Search results clustering
Current SPIRES and CDS differences in author searching
Currently there is a considerable difference in author searches between SPIRES and CDS as far as precision/recall is concerned. E.g. if you search for
"Ellis, J R" in CDS, you will obtain
exact results only followed by a
box with proposed similar author names:
See also: similar author names
1 Ellis, John Rolfe
746 Ellis, Jonathan Richard
1 Ellis, Juanita
see
Ellis, J R at CDS
,
so that the end users can see potentially interesting similar (in some
cases identical) author names and can check them out further if they
wish.
SPIRES directly enriches the user query with
similar results right from the start, which is often what users want,
but which may also lead to false positives. E.g. compare the CDS and
SPIRES results for "Ellis, Jacqueline":
Ellis, Jacqueline in CDS
,
Ellis, Jacqueline in SPIRES
.
The Invenio software comes with the CDS behaviour by default, but it
can be easily altered to mimic the SPIRES behaviour if we consider
this to be a better default. Note that there was already a question
in this direction in the recent
HEP IS poll.
Search results clustering in Inspire: a proposal
1. The strict-or-loose matching behaviour should be user configurable.

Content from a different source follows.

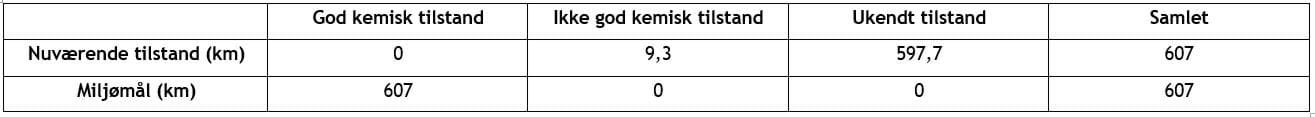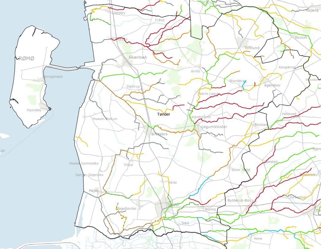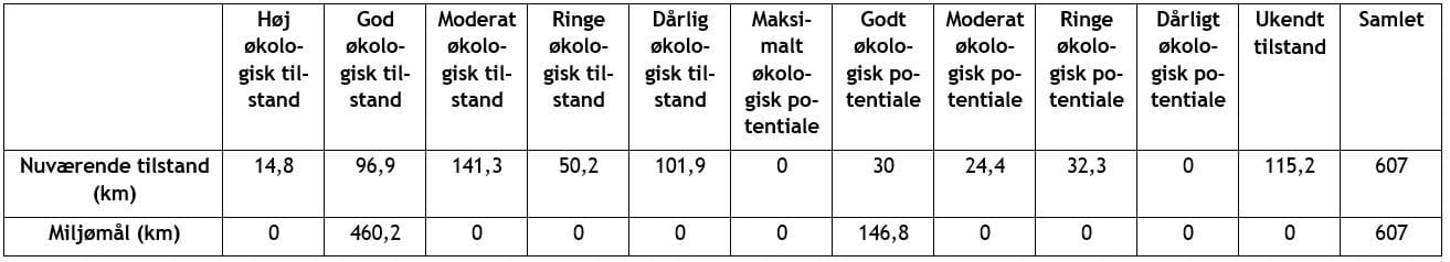 I nedenstående tabel er opgjort antal kilometer vandløb i Tønder Kommune med nuværende faunaindeks samt miljømål for faunaindeks.

2. As for choosing the default behaviour, we can possibly come up with a
compromise between currently-somewhat-strict CDS and
currently-somewhat-loose SPIRES. One idea would be to propose
built-in clustering by author names for author searches by default,
along the lines of what we already do for clustering by collections
for any query:
higgs boson at CDS
.
An ASCII art of how it could look like. For collections:
| Query: higgs boson Found 1234 hits in 0.50 seconds.
|
| Results split by collections:
| All results (1234) Preprints (768) Books (20) Videos (350) [more]
|
| 1. On the foo and bar...
for authors searches:
| Query: Ellis J Found 1234 hits in 0.50 seconds.
|
| Results split by author names:
| All results (1234) Ellis, John (895) Ellis, Juanita (333) [...]
|
| 1. On the foo and bar...
with cluster names being of course clickable and expandable etc.
Note that once we shall have processed all the fulltext files with the
BibClassify keyword extractor to get the automatic keywords according
to HEP RDF taxonomy, we can propose similarly an
option to cluster the search results by keywords. Kind of what
Vivisimo is doing
higgs boson at Vivisimo
.
Yet another example of the kind is the clustering of book searches
according to Dewey classification system. Some Invenio clients use
virtual collections for this:
MeIND
.
All these can be thought of as being "search results navigators",
helping users to navigate inside, or disambiguate, search results.
We can improve the current "cluster by collection" functionality of
Invenio to fit all these use cases, starting by the author search.
--
TiborSimko - 26 Jun 2007
Note that I think that this in general a wonderful idea, however, most users want something that works mostly right, most of the time, and the SPIRES
algorithm should probably be the
default default.
This is especially important for searches based on author that result not in sets of papers, but instead in citation statistics. These searches need to present results quickly, not after several clicks. Having a disambiguation option on the page with the
default (rather than minimally combined) results would be the ideal way, in my mind. In other words, take the current SPIRES output, and add a disambiguation method on the same page. Users who know what they are doing are not slowed down, but others can refine based on the clustering
--
TravisBrooks - 27 Jun 2007
It is also worth noting the results of the poll.
When you search, which do you prefer? (answered by 74% of respondents)
- 34% To be suggested alternatives to refine your search
- 33% To search for a precise term and get precise results only
- 26% That your search is automatically extended to synonyms and closer terms (little noise but few hits)
- 4% That your search is automatically extended to a wide range of synonyms and close matches (more hits but more noise)
--
SalvatoreMele - 27 Jun 2007